A damning report from the Victorian Ombudsman into the state’s child protection system has identified 754 vulnerable children in Gippsland who haven’t been allocated a case worker.

The Nationals Member for Gippsland Darren Chester said the report highlighted concerns he had raised in Federal Parliament when responding to the nation’s apology to the ‘Forgotten People’.

Mr Chester, who is a member of Parliamentarians Against Child Abuse and Neglect, supported the apology to victims of abuse in state care but stressed the need for increased community vigilance.

“When it comes to the health and wellbeing of our children, we must all commit ourselves to never looking the other way,” Mr Chester told Parliament.

“We need to provide our children with the environment where their physical, emotional and social needs are all catered for. That is an individual family responsibility and a community responsibility. But where those families and communities fail, for whatever reason, governments have a role and a sacred trust to step in and provide assistance to our nation’s children.

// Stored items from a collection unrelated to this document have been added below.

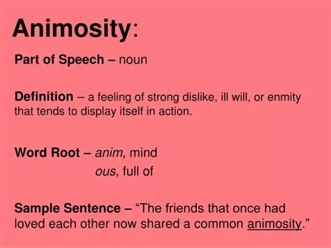 Web find synonyms for animosity, a noun that means strong criticism or antagonism, in different contexts. Words related to animosity are not direct synonyms, but. Hostility, grudge, hatred, bitterness, enmity, antagonism, tension,. Web find synonyms for animosity, a noun that means strong criticism or antagonism, in different contexts. If your (supposed) best buddy embarrasses you in front of a big crowd,.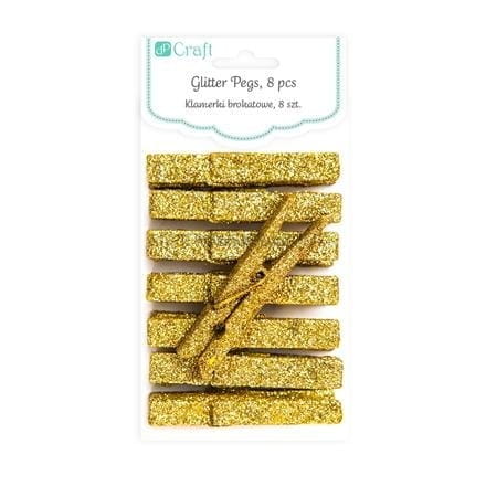 Klamerki brokatowe złote polecamy do zdobienia projektów scrapbookingowych, prac home decor oraz opakowań prezentowych. Wszystko się pięknie błyszczy i mieni tworząc niepowtarzalną atmosferę świąt. Wielkość: 4,8 cm Ilość w opakowaniu: 8 szt. Kolor: złoty brokat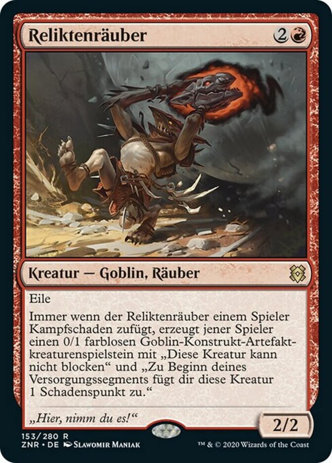 | Rules | Haste Whenever Relic Robber deals combat damage to a player, that player creates a 0/1 colorless Goblin Construct artifact creature token with "This creature can't block" and "At the beginning of your upkeep, this creature deals 1 damage to you." |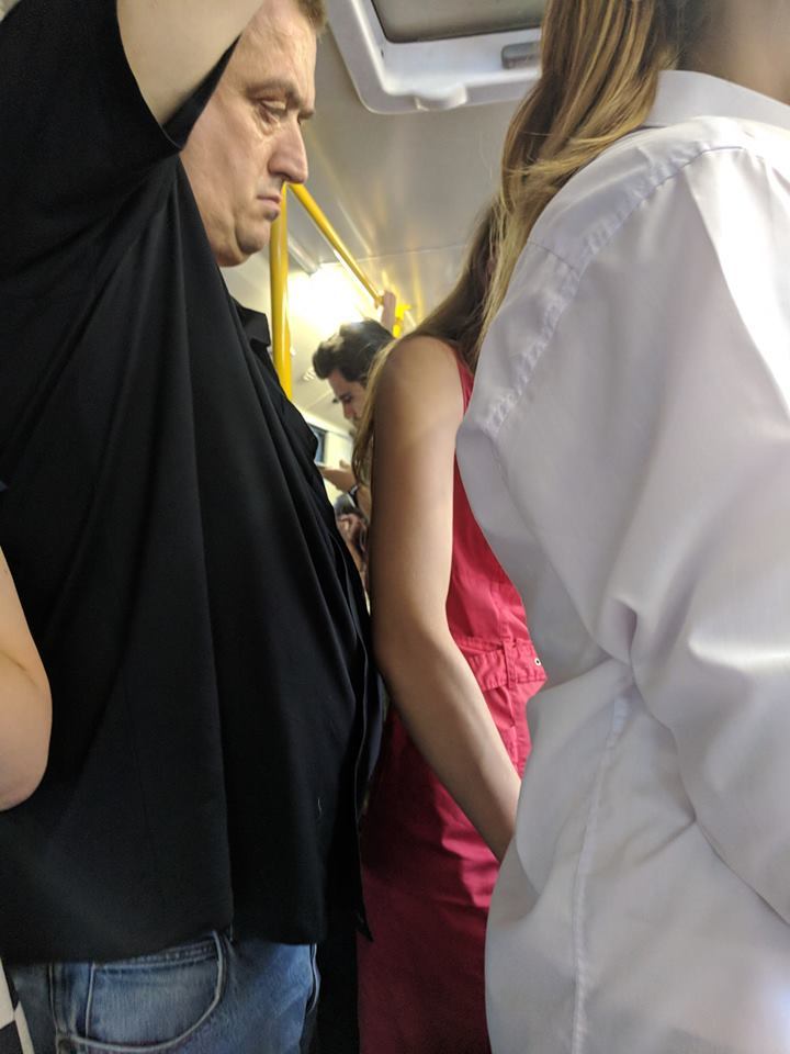 В одном из пабликов Соломенского района Киева появилось фото и видео с мужчиной, который незаметно пристает к женщинам в общественном транспорте.

“We must make the prevention of child abuse a national priority for our community.”

Mr Chester said the Victorian Ombudsman’s report was an indictment on the Brumby Labor Government and highlighted the Minister’s failure to protect vulnerable children in regional communities, including Gippsland.

“The Minister has failed to explain to the people of Gippsland why more than 60% of child protection cases weren’t allocated a case worker,” Mr Chester said.

“She should also explain why three child protection workers in Gippsland are handling 459 cases between them. Unfortunately for the Minister, there is no reasonable explanation for allowing ‘at risk’ children to continue to live under these terrible conditions.”

Mr Chester said more staff and resources needed to be directed towards child protection along with positive parenting programs, improving financial literacy and support for families which were struggling to cope.

“The staff at support agencies are completely overwhelmed and they are dealing with complex issues, often involving drugs and alcohol abuse along with unemployment and poverty,” Mr Chester said.

“Gippsland’s situation is part of a much wider problem facing young people across our nation. According to the National Association for the Prevention of Child Abuse and Neglect, 33,000 individual Australian children are known to be abused or neglected each year.

“One in four girls and one in seven boys are sexually abused by the age of 18. Thirty thousand children are living in out-of-home care for their care and protection; one in four children have witnessed violence against a parent; and one in 10 teenagers regularly binge drink.”

Mr Chester said action is needed to move forward and improve the current system.

“It should be a higher priority across our nation to prevent child abuse and neglect to ensure the safety and wellbeing of every child.

“There needs to be an improved system in place to provide the necessary care and support for at risk children.”